Imagine that the foods you eat are literally things you burn. So your body is now a flaming campfire. Have the image? If I burn a pile of crumpled paper, the flames will consume it quickly and be done. But if I burn a nice dense log, the flame will have something to work on for hours. My cupcake burned up too quickly and my flame went out. But when I choose nutritionally dense foods, I have fire that takes me through the whole day.

These are all things that I can’t explain when put on the spot with a question about my food. When someone asks “Aren’t you on a diet?” when I mention having a non-healthy food, I can’t find the words to say that this particular piece of food is serving an essential purpose in my life outside of being fuel. Likewise, when someone tries to guilt and cajole me into having a piece of food I have decided is not worth it, it is equally hard to explain that it’s not something I need to fuel me and it isn’t serving some other purpose that I find essential at that moment.
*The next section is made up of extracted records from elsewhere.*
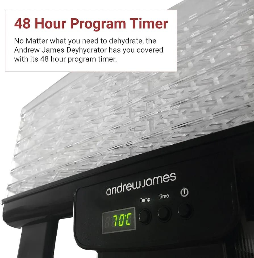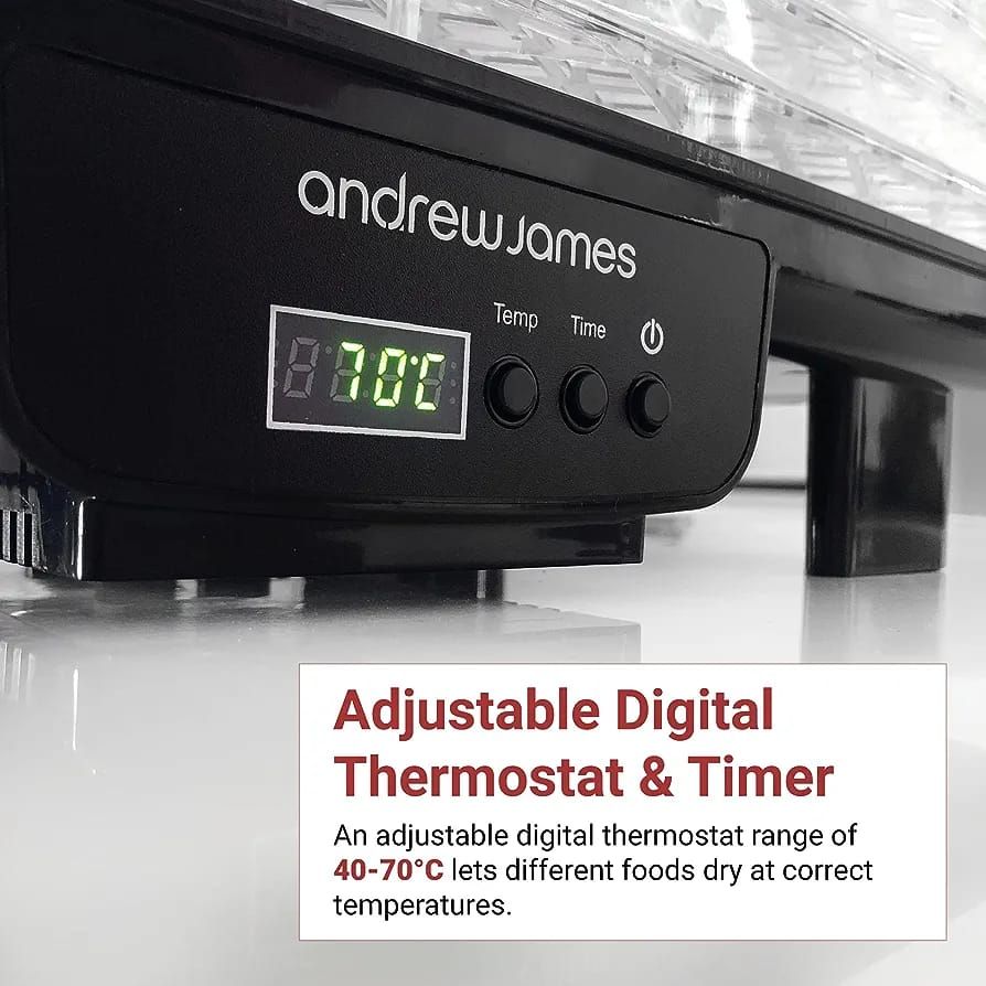 Brand: Andrew jamesMaterial: PlasticColour: BlackWattage: 550 wattsItem dimensions L x W x H: 44 x 29 x 21 centimetresVoltage: 230 Volts6 STACKABLE TRAYS -- The Andrew James Digital Food Dehydrator includes 6 spacious drying layers meaning there is enough capacity to hold large quantities of food easily. The variable tray stacking system lets you stack the layers at different heights, allowing the dehydrator to accommodate food of different size and thickness.ADJUSTABLE DIGITAL THERMOSTAT & TIMER -- An adjustable digital thermostat range of 40-70 degrees C lets different foods dry at correct temperatures. The superior air circulation which this dehydrator machine generates, means that food is uniformly dried, with no need to rotate trays halfway through dehydrating. The adjustable digital timer lets you program the dehydrator for up to 48 hourLOW ENERGY USAGE & EASY TO CLEAN -- Using a dehydrator machine is a low energy consumption alternate for healthy snacks, operating at just 3p per hour for up to 48 hours. Some dehydrator users prefer to use dehydrator sheets but with our model it features the stackable trays which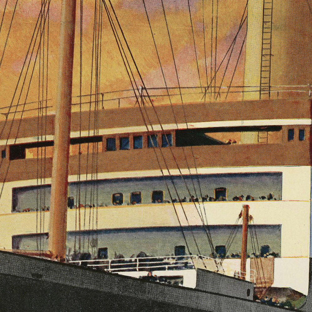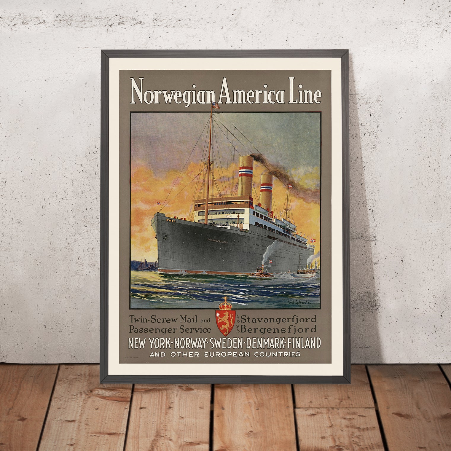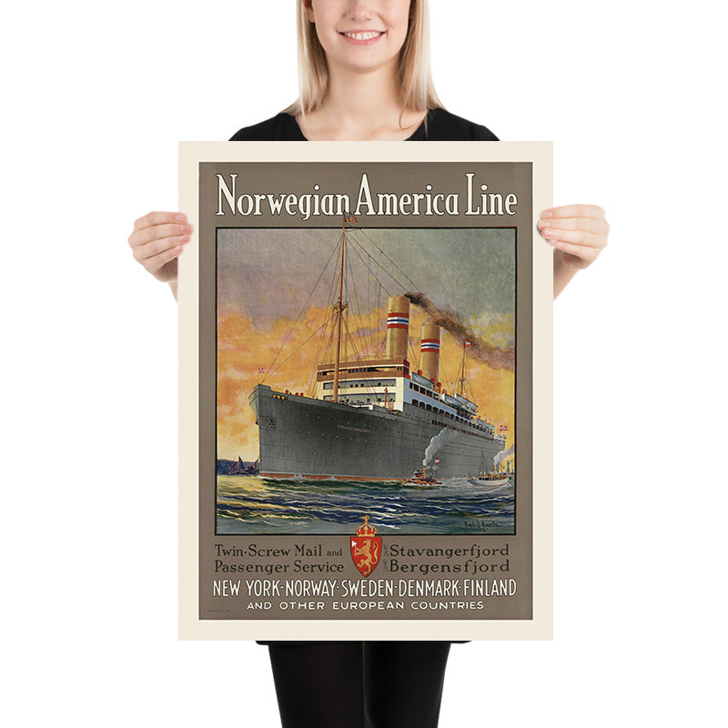 Why this poster matters: Norwegian America Line connected Norway’s principal ports with New York during a transformative era of migration and leisure travel. The “Stavangerfjord,” depicted here, stood for reliability and elegance, linking families, commerce, and cultures across the Atlantic. Hoertz’s 1924 design distills that narrative into a single view—one that resonates with Norwegian heritage, transatlantic history, and the optimism of travel between Old World and New.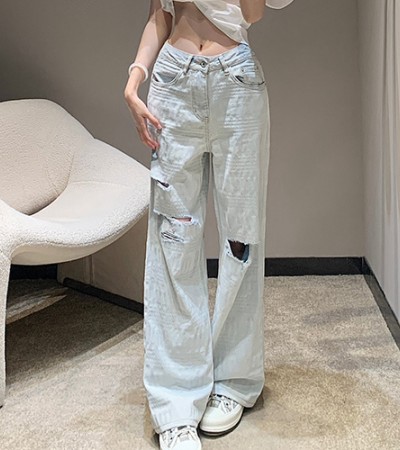 [홍콩명품,MIU MIU] 미우미우 24SS 로고 여성 패턴 코튼 빈티지 오버핏 데님 팬츠 진 청바지 (연청), BM16087, BR, 홍콩명품의류,구매대행,온라인명품 > 여성몰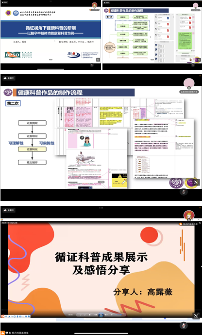 为使同学们进一步了解循证视角下健康科普的概念,提高学生对循证科普的兴趣,促进36365线路检测登录入口学生参加到健康科普实践中。2022年7月22日36365线路检测登录入口于腾讯会议线上举办以循证科普为主题的第二期2022年暑期“天使成长计划”朋辈交流会活动,本次活动由36365线路检测登录入口护理学博士杨丹、硕士研究生孟美琪、19级高露微和20级的郑栋薷同学担任主讲人,36365线路检测登录入口各年级本科生参与。活动过程中,杨丹以脑卒中肢体功能康复科普为例,介绍健康科普的概念、创作原则和评价依据。为同学们详细介绍自己做循证科普的方法。孟美琪展示了所在团队的三个健康科普作品和制作流程,更具体的为同学们解读证据细化到证据转化的方法,并在结尾分享了团队的收获与感想。最后,由郑栋薷和高露微分别介绍她们的循证科普成果和参与感悟,其中主要讲解了项目背景、课题的主要研究思路和推文形成过程,还分别为同学们展示了她们所在团队的成果。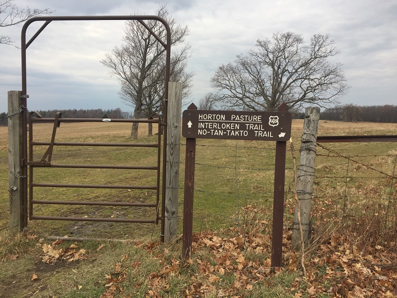 At the pasture gate near the dirt Seneca Road you will turn right before reaching the gate and start following the Interloken Trail along an old road in a pasture. There is a view from the pasture, known as the Horton Pasture. At 3.0 miles pass through another gate. At 3.25 miles the Interloken Trail turns right off the old road. At 3.6 miles cross the dirt Townsend Road. At 4.9 miles reach the parking area on Parmenter Road and the end of this loop hike. Look below for a few pictures (coming soon) and a map of this hike.

…consecutive decisions that are the long road to a goal.

I guess at the end of the day, what I should be telling people is that my new relationship with food can be strange and complicated. I should be telling people that sometimes you feel like a nut, and sometimes you don’t. I should be telling people that counting calories doesn’t make me some form of superhuman, and that sometimes we mortals need food for something other than fuel.

Most of all, I should be telling them that what is in my lunchbag, what is in my cabinets, what is in my refrigerator, what I pick up after a long day, and what I end up consuming are all a matter of balance and consecutive decisions that are the long road to a goal. There’s no sense in stopping at every mile marker, and there’s no sense in taking a pit stop if I don’t need to, but sometimes, I will need to take pit stops in order to get to my destination with any semblance of sanity, even if it technically might slow me down just a little.